In this sense, civic and political action are also an exercise of fraternity, since they are directed to persons, just as any fraternal gesture of love, of mutual care, is also a civic and political action, since it truly helps to construct a better society[7](cf. FT 181). Certainly, in society today, relationships are usually broad and anonymous, but this does not exclude their fraternal dimension. For example, someone who cleans up a public space (whether as a municipal employee or as a user of that space), in doing so respects and cares for all the other citizens, even if they do not know their faces or have a direct relationship with them. They exercise civic friendship, social love or social fraternity, that is, the relationship of benevolence (wanting the other person’s good) based on co-participation and common responsibility for the public good. Thus they exercise a fraternity that can become a social virtue, a firm and habitual disposition to act always with respect for and promotion of the good of others; a virtue that, in turn, can generate countless forms of solidarity. And as they become more widespread in society, these actions of solidarity will also help to strengthen the entire culture.
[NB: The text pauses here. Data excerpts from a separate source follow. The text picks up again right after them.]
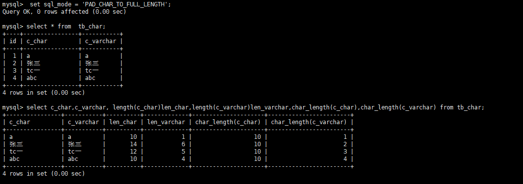 mysql> set sql_mode = 'PAD_CHAR_TO_FULL_LENGTH';Query OK, 0 rows affected (0.00 sec)mysql> select * from tb_char;+----+----------------+-----------+| id | c_char | c_varchar |+----+----------------+-----------+| 1 | a | a || 2 | 张三 | 张三 || 3 | tc一 | tc一 || 4 | abc | abc |+----+----------------+-----------+4 rows in set (0.00 sec)mysql> select c_char,c_varchar, length(c_char)len_char,length(c_varchar)len_varchar,char_length(c_char),char_length(c_varchar) from tb_char;+----------------+-----------+----------+-------------+---------------------+------------------------+| c_char | c_varchar | len_char | len_varchar | char_length(c_char) | char_length(c_varchar) |+----------------+-----------+----------+-------------+---------------------+------------------------+| a | a | 10 | 1 | 10 | 1 || 张三 | 张三 | 14 | 6 | 10 | 2 || tc一 | tc一 | 12 | 5 | 10 | 3 || abc | abc | 10 | 4 | 10 | 4 |+----------------+-----------+----------+-------------+---------------------+------------------------+4 rows in set (0.00 sec)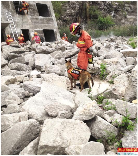 江门搜救犬正在工作。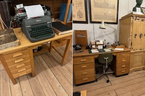 Det vi ser her er en lille del af administrationskontoret på Herning Sygehus. Der er en gammel skrivemaskine og regnemaskine, skrivebord og skrivebordsstol. Endelig er der det gamle pengeskab. Det minder meget om det pengeskab med navnet Frank Jæger, der var med i Olsen Bande filmene.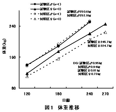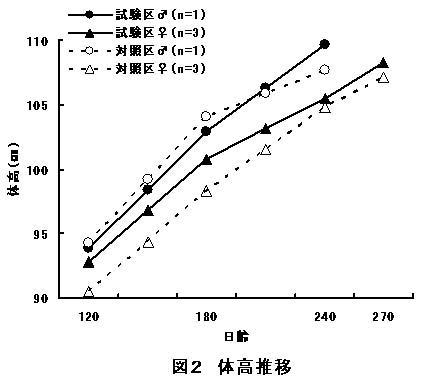 体高の推移は、両区に有意な差は見られず、良好な発育を示す(図2)。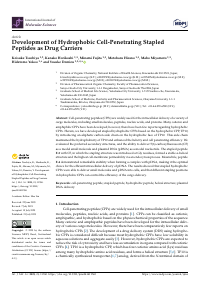 | Citation | Tsuchiya, K.; Horikoshi, K.; Fujita, M.; Hirano, M.; Miyamoto, M.; Yokoo, H.; Demizu, Y. Development of Hydrophobic Cell-Penetrating Stapled Peptides as Drug Carriers. Int. J. Mol. Sci. 2023, 24, 11768. https://doi.org/10.3390/ ijms241411768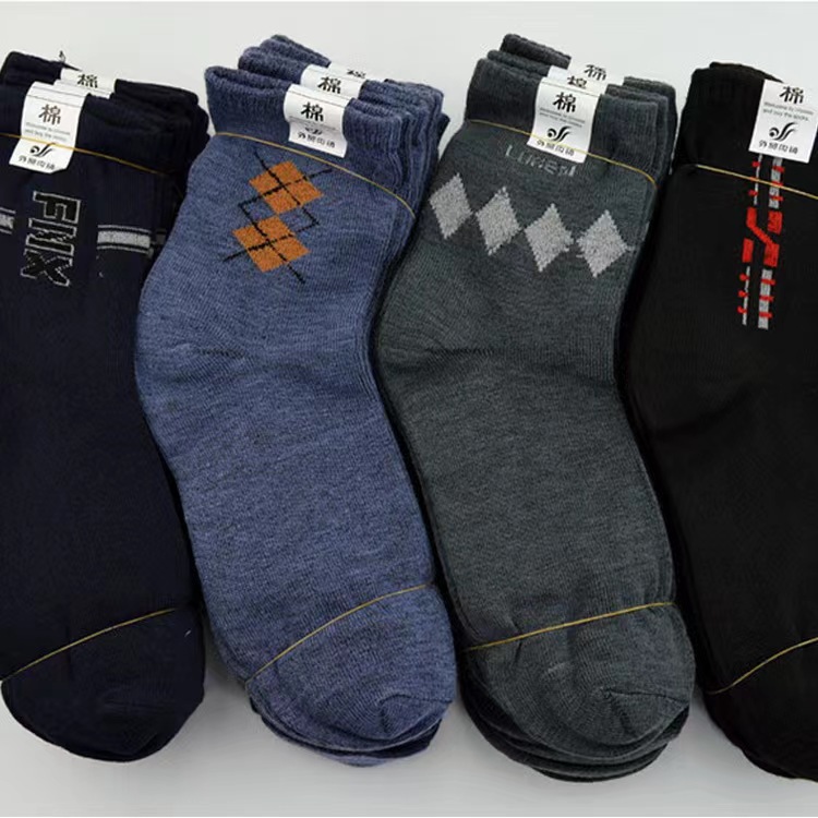 男士袜中老年人袜棉高帮老头袜劳保袜休闲地摊袜子中筒男袜子批发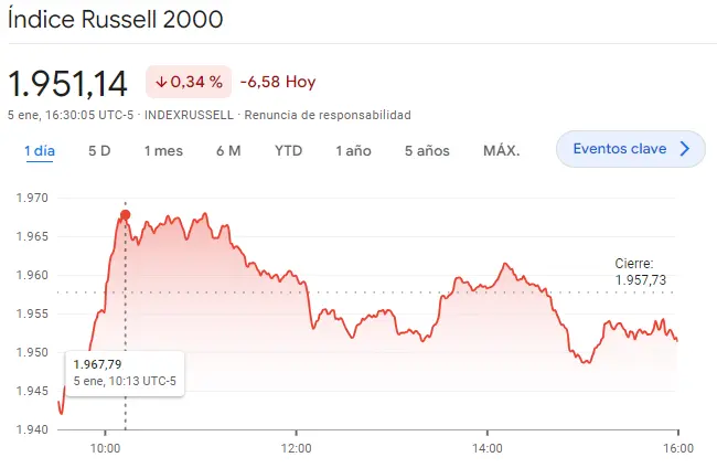 Los valores del índice Russell 2000 han seguido su tendencia en valores importantes en comparación con los demás activos del mercado americano, elevánose en unas caídas brutales para Wall Street. Estos momentos son muy interesantes para el índice Russell 2000 bajando un valor muy grave con unas caídas de unos 6.58 puntos por el índice Russel 2000, perdiendo un porcentaje de hasta un 0.34%. Ahora mismo el índice Russell 2000 deja atrás las cotizaciones máximas de unos 1967.79 puntos, bajando muy por debajo de los cierres de sesión de unos 1957.73 puntos.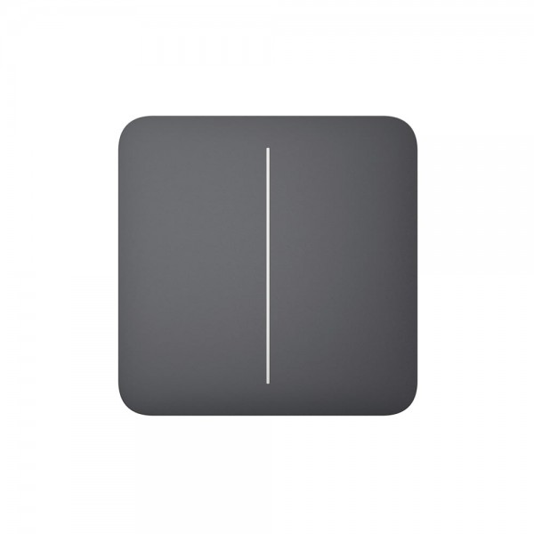 Кнопка для одинарного двоклавішного розумного вимикача Ajax LightSwitch. Кнопка з сенсорною панеллю спрацьовує як на дотик, так і безконтактно — на відстані до 15 мм. Підсвічування (з можливістю вимкнути в застосунку Ajax). Розміри 82.75 / 82.75 / 10.26 мм, вага 45.75 г, колір графіт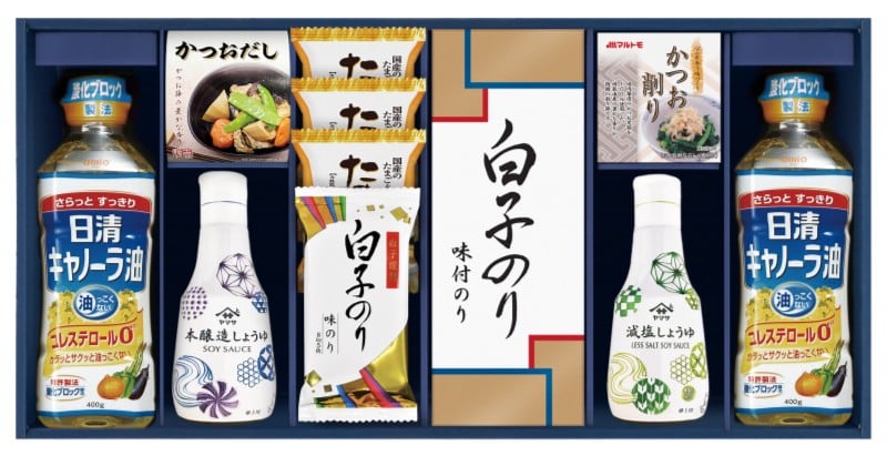 商品内容:日清キャノーラ油ペット400g×2 、ヤマサ鮮度しょうゆ200ml、ヤマサ鮮度減塩しょうゆ200ml、白子のり味のり(3切5枚)、マルトモかつおパック(0.7g×3) 、たまごスープ6.4g×3、白子のり味のり(8切5枚)、シーラックかつおだし(4g×3)

The exercise of fraternity in society can therefore be seen as the personification of the innkeeper in daily life: respecting traffic regulations when driving, paying taxes, performing one’s work responsibly and efficiently, not allowing illicit practices (bribes, corruption, etc.) for one’s own benefit or that of others, respecting the rules of civility, behaving honestly in all situations, using creative intelligence to meet one’s own needs and those of others.

3. Fruitfulness for the whole of society

If everyone can and should be “innkeepers” in social relationships, it seems pertinent to reconsider the question from which the parable of the Samaritan stems, replacing “who is my brother?” with “who is my brother in social and political co-existence?” The obvious answer is: “the one who is hungry, thirsty, in prison or sick.” But while true, this answer is also incomplete, since the other person is not my brother or sister only because he or she is in need or neglected. Fraternity in society entails the availability of each person for the others in any situation: the capacity to always be sensitive to their true good and needs and to express this concern in effective support.[8] It is a question, therefore, of seeing in the other person – and not merely in their neediness – that he or she is a brother or sister, that is to say, someone constantly deserving of the readiness to give oneself in freedom.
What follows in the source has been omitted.